__Task item__
Only the pictures are dropped. Restate each line below word for word.

__Dataset section__
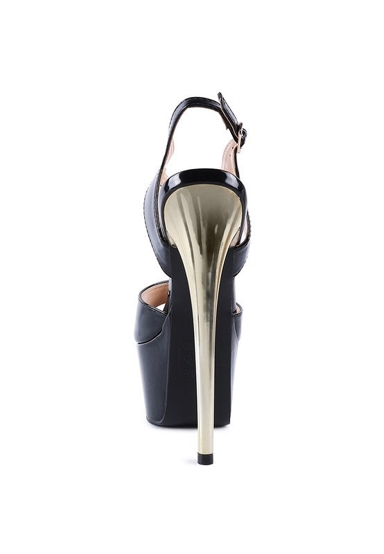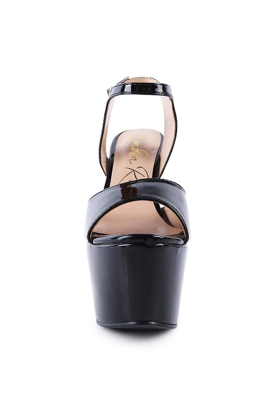 Impactful, bold platform sky high-heels, in patent PU. It has pin buckle ankle fastening detail.
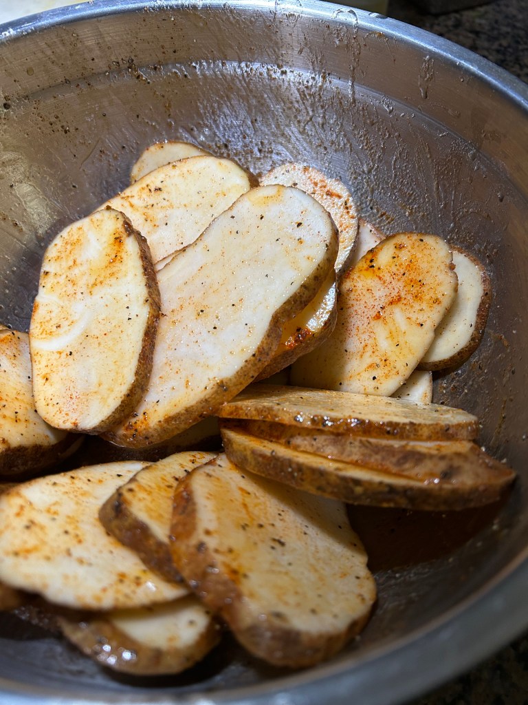 - Sprinle seasoning over potato slices – working a bit at a time, tossing slices in the bowl so that all sides of all slices are evenly coated.
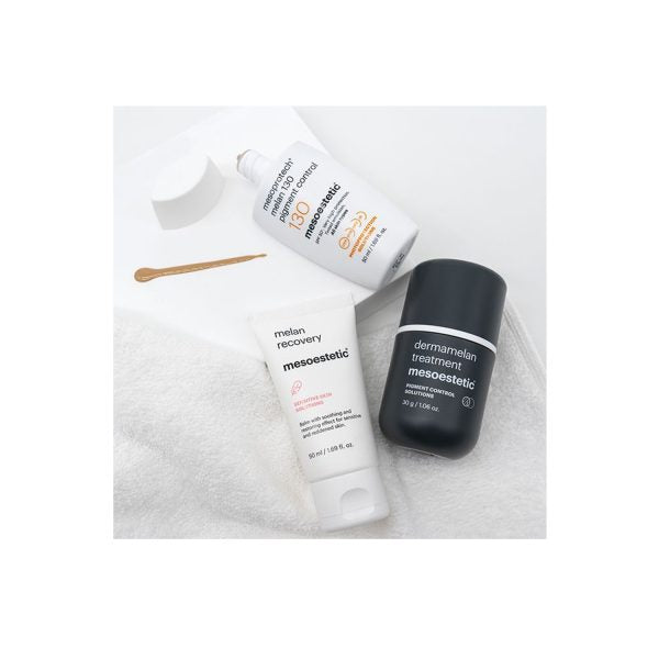 • Mesoestetic melan recovery solution with active ingredients, bisabolol, rhodosorus marinus extract, shea butter, niacinamide.

__Solution to the problem__
 Impactful, bold platform sky high-heels, in patent PU. It has pin buckle ankle fastening detail.
 - Sprinle seasoning over potato slices – working a bit at a time, tossing slices in the bowl so that all sides of all slices are evenly coated.
 • Mesoestetic melan recovery solution with active ingredients, bisabolol, rhodosorus marinus extract, shea butter, niacinamide.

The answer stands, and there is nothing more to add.